The Opening Ceremony was a triumph.  Beijing’s ceremony was the awesome power of people doing what they are told.  Ours was a hymn to a free society, open and questioning, capable of imagination and sacrifice, and acknowledging mistakes.  (OK overlong and patchy but then a hymn to a free society is not going to be orderly.)  It was very British… it had humour and understood history without being imprisoned by it.  (I am not sure in what sense it could be described as left wing?  Hymns, Shakespeare, Blake and the countryside… )

There will be many lessons about the project itself but top must be; contracting out services to the private sector to lower cost and improve efficiency – and the management of the security was in fact so poor we had to draft the armed forces in.  All public sector bodies and politicians please note.

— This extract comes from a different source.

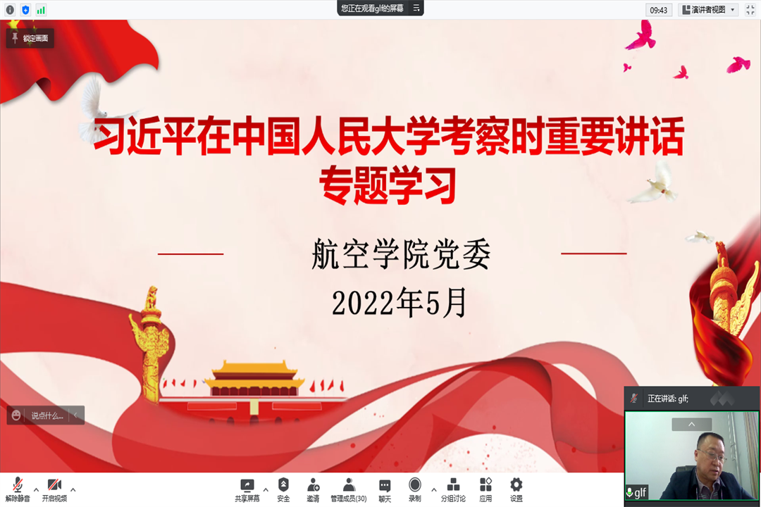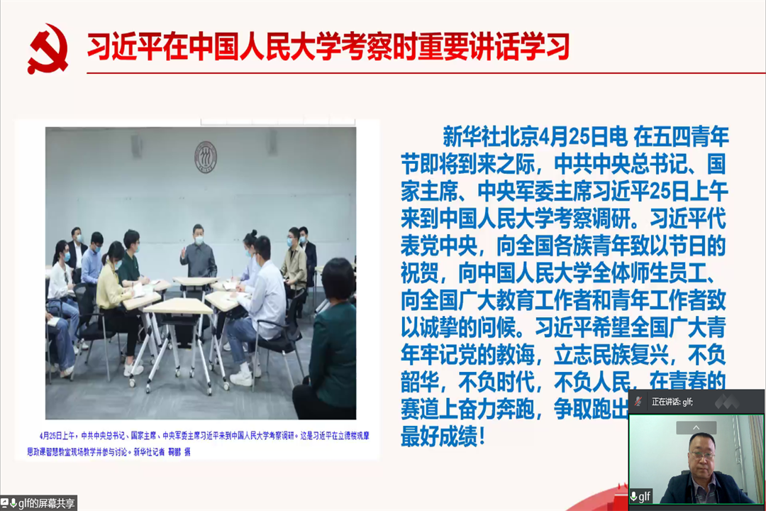 5月5日,ok138cn太阳集团529组织开展《习近平在中国人民大学考察时重要讲话》专题学习。ok138cn太阳集团529全体教师通过线上方式集中学习,学院党委书记郭凌峰主持学习。
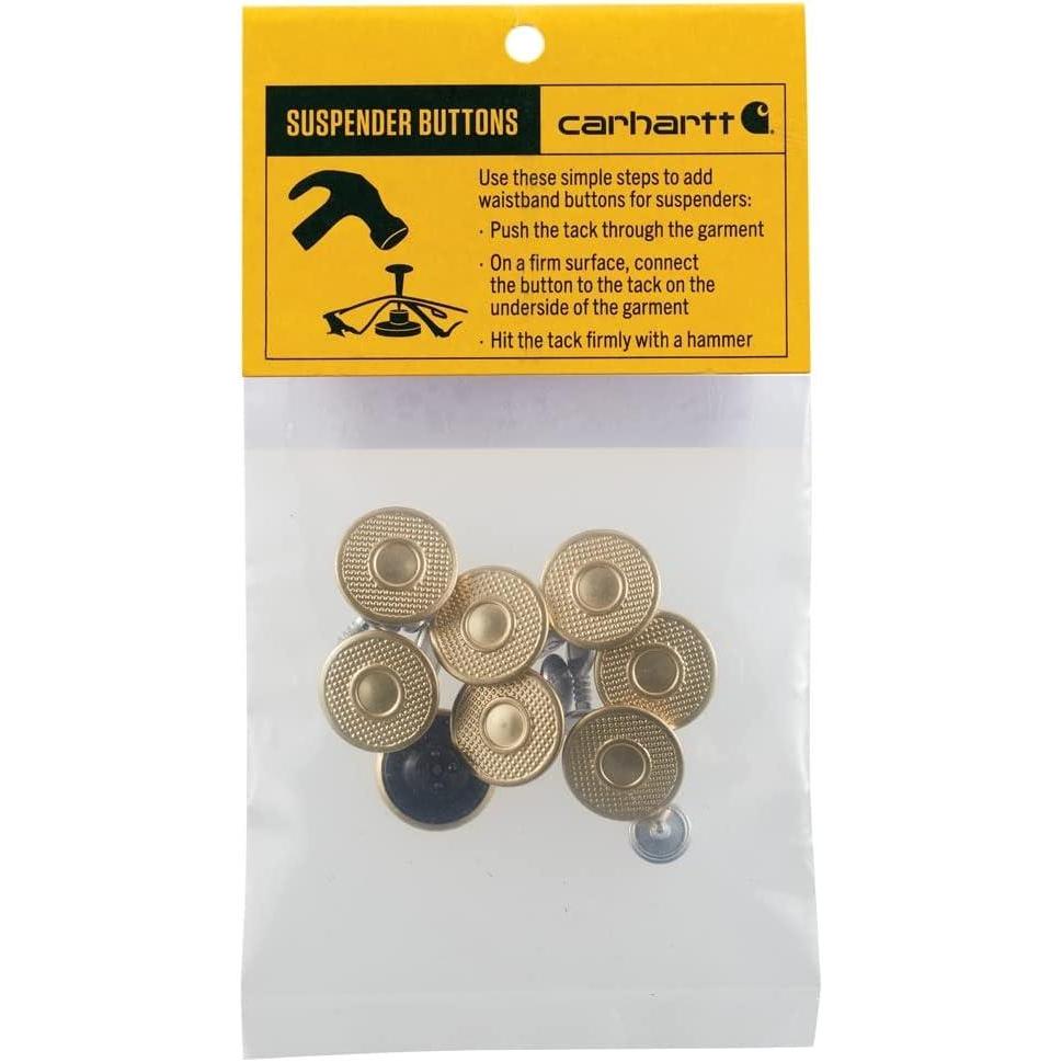 Extend the life of your Carhartt with the do-it-yourself button replacement kit. Easily replace a lost button on a jacket or the one that popped off your pants. Kit can also be used to add suspender attachments to pants. Includes eight buttons per pack.

The pervading British pessimism and cynicism that things can’t be done drives me nuts.  Its about the only reason I can think of to move permenantly to the States.  Moderate scepticism is healthy, cynicism will destroy the world.

Probably the next vast project will be a bit of a disaster and doubtless there will be scraps over the legacy and who benefits.  But let’s at least agree we can make things happen, if we want to.  More relevant perhaps is, what will we as a country do that will really meet our needs?